CARIDUIT.ID - Di tengah gempuran konten digital cepat saji, sebuah kisah dongeng bergema kuat di media sosial dan ruang-ruang diskusi literasi anak. 

Judulnya sederhana: “Kerajaan Awan dan Anak Petir”. Namun isi ceritanya menggugah. Dongeng ini tidak sekadar memukau lewat kisah fiksi penuh imajinasi, tetapi juga menyentuh akar persoalan sosial yang relevan dengan kehidupan modern: kekuasaan, perbedaan, dan keberanian menyuarakan kebenaran.

Untuk kalian yang ingin tau banyak seputar dunia dongeng bisa kunjungi ceritadongeng.

Cerita ini, yang konon berasal dari naskah rakyat yang dimodifikasi untuk anak-anak generasi Z, membawa pembaca ke dunia di atas langit tempat “Kerajaan Awan” berada, sebuah negeri putih yang hidup damai dan teratur. 

Namun, kehidupan di kerajaan itu terancam oleh “Anak Petir”, makhluk langit pemberontak yang sering menyusup dan mengguncang dunia Awan.

Alih-alih sosok antagonis biasa, Anak Petir justru muncul sebagai simbol ketidakadilan. Ia bukan makhluk jahat, tapi makhluk yang terusir dari wilayah Awan karena berbeda bentuk dan suara. 

Ia bersuara keras, menggelegar, dan dianggap mengganggu ketenangan langit.
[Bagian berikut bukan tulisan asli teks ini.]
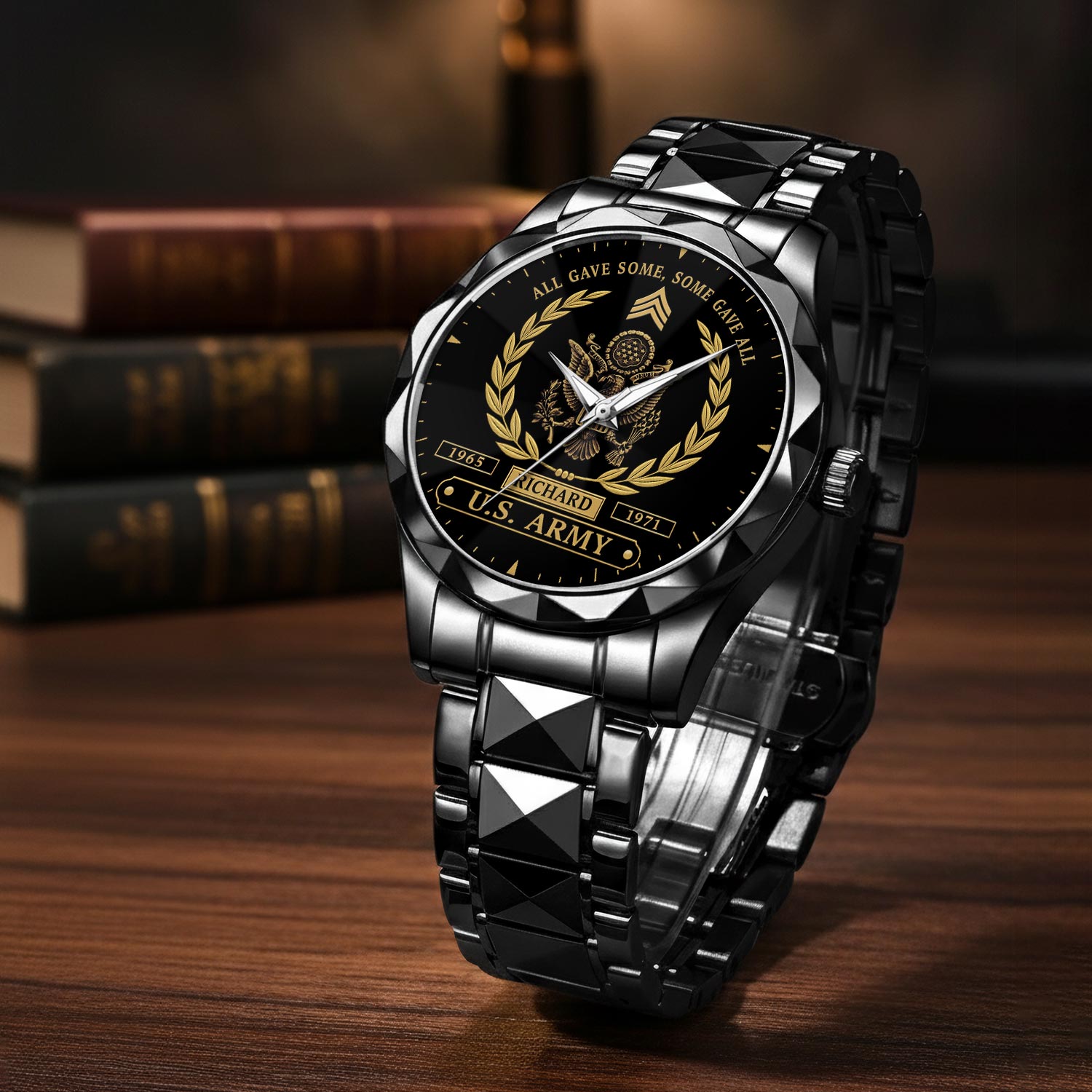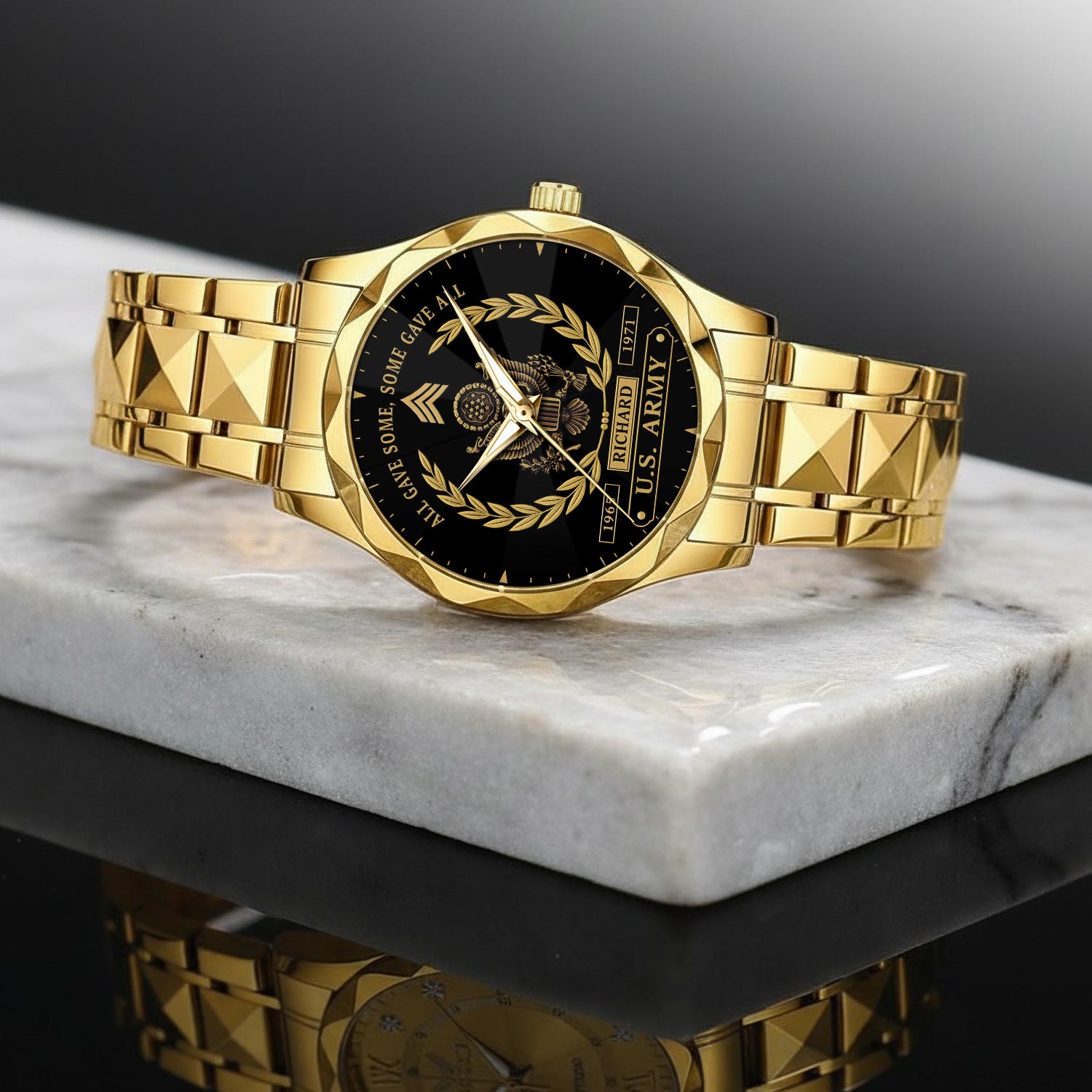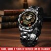 Customize your Diamond-Cut Bezel Watch with your name, rank, and years of service for a truly one-of-a-kind timepiece. This personalized feature allows you to showcase your military journey with pride and distinction.

Padahal, “guntur” yang ia hasilkan sesungguhnya adalah bentuk ekspresi dan seruan agar didengarkan.


Dongeng dengan Lapisan Makna

Dalam kajian literasi anak yang dilakukan oleh beberapa pegiat pendidikan di Jakarta dan Bandung, “Kerajaan Awan dan Anak Petir” dinilai sebagai dongeng yang mengangkat isu sosial dengan simbolisme kuat. 

Kerajaan Awan menggambarkan masyarakat homogen yang takut akan perbedaan. Sementara Anak Petir mewakili mereka yang disingkirkan karena dianggap tidak cocok dengan ‘standar’ umum.

“Ceritanya seperti dongeng klasik, tapi pesannya sangat kontekstual. Ini tentang bagaimana kita memperlakukan mereka yang berbeda dari kita,” ujar Ratih Wulandari, dosen Sastra Anak dari Universitas Negeri Jakarta.

Menurutnya, cerita ini bisa menjadi bahan ajar yang kuat, baik di ruang kelas maupun di lingkungan keluarga. Ia menyarankan agar orang tua dan guru tidak hanya membaca, tetapi juga mengajak anak-anak untuk berdiskusi. Siapa yang sebenarnya jahat? Apakah Awan benar dalam menyingkirkan Petir? Apa yang terjadi jika Awan mau mendengarkan?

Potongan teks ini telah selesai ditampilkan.